Friday, June 13, 2014

Hatfield. McCoy. Treehouse.


Dear Laney, 

For your birthday last year, your dad built you the treehouse in our backyard. I love your dad and his ingenuity - I love that he can have the idea for a treehouse, and a day later, the thing exists. But as it was being built, I remember expressing my concern that the dang thing is too tall, that it's too hard for a grown woman to crawl into, and mostly, that it overlooks our neighbor's yard. The tree is on our shared property line, and the treehouse is higher than the fence line. I thought, "Maybe our neighbor liked having that fence because he's a nudist or a voodoo practitioner or just wants to avoid the prying eyes of a preschooler." But up the treehouse went. 

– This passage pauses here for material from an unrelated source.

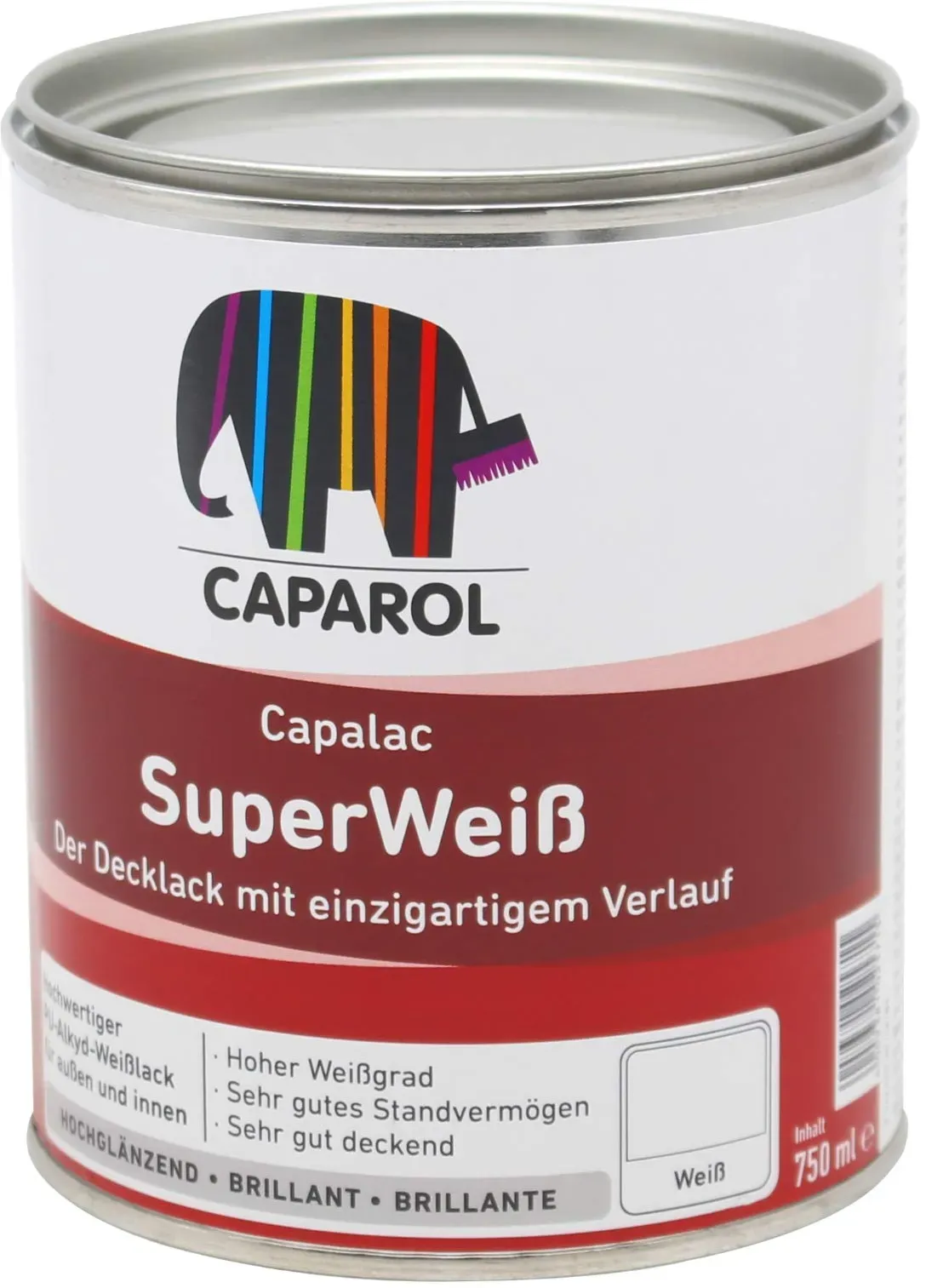 EAN: 4002381026385 - Caparol Capalac Kunstharz-Klarlack - Für Lackierungen auf unbehandelten und lasierten Holzoberflächen sowie geeigneten Lackoberflächen. ' Verwendungszweck Caparol Capalac Kunstharz-Klarlack Im Innenbereich: Für Lackierungen auf unbehandelten und lasierten Holzoberflächen sowie geeigneten Lackoberflächen wie z. B. Capalac Dickschichtlack Glimmer zur Verbesserung der mechanischen Oberflächenbelastbarkeit, Reinigungsfähigkeit und Wetterbeständigkeit. Caparol Capalac Kunstharz-Klarlack als transparente Lackierung für Eisen, Stahl, Aluminium (kein Eloxal) und Kupfer ebenfalls geeignet (Achtung: Kein Korrosions- und Oxidationsschutz!). Aufgrund der materialtypischen Geruchs entwicklung von Alkydharzlacken empfehlen wir für großflächige Beschichtungen im Innenbereich Capadur Parkett- und SiegelLack. Im Außenbereich: Für zusätzliche trans pa rente Lackierungen auf lasierten oder farbig lackierten, maßhaltigen Holzoberflächen. Eigenschaften Caparol Capalac Kunstharz-Klarlack Stoß- und schlagfest Hohe Wetterbeständigkeit Guter Verlauf Aromatenfreie Lösemittel Sehr gute Verarbeitbarkeit Vielseitig einsetzbar Beständig gegen haushaltsübliche Reinigungsmittel und kurzzeitig gegen schwache Säuren und Laugen Materialbasis Alkydharz mit aromatenfreien Lösemitteln Verpackung/Gebindegrößen 375 ml, 750 ml, 2,5 Ltr. Farbtöne Transparent Durch die leicht gelbliche Tönung des Alkyd harzes entsteht bei Lackierungen auf weißen und farbigen Oberflächen eine gering fügige ... Ein hochwertiger Bautenlack für Decklackierungen in 0,75 Liter, der für eine langlebige und strahlend weiße Oberfläche sorgt. ![]() ![]() Caparol, Capalac Superweiß AF, Bautenlack für Decklackierungen, 0,75 L, weiß

I've never met this neighbor - we've just never been outside at the same time. A few weeks ago, Laney begged me to have a picnic dinner on our back porch. Per Laney, if I'm not going to take her to a REAL restaurant, the least I can do is take her to a PRETEND restaurant. As we set out our blanket on the ground, our neighbor emerged from his house in a tank top and started driving a remote-controlled car up and down our street, making a really awful BREEEEEEEE sound. He stopped for just a second, which was long enough for Laney to yell, "I DON'T KNOW WHY PEOPLE HAVE TO BE SO LOUD WHEN I'M TRYING TO HAVE MY DINNER!"

I wasn't sure if he'd heard, but I still immediately told Laney that it wasn't nice to yell at the neighbors - especially for being loud, since, let's face it, Laney likes to go out on the back deck at 6:30am some mornings to sing the power ballad from "Frozen" at the top of her lungs. "Sometimes, we're loud and sometimes, they're loud. We take turns being patient with each other." Love thy neighbor, blah blah blah. 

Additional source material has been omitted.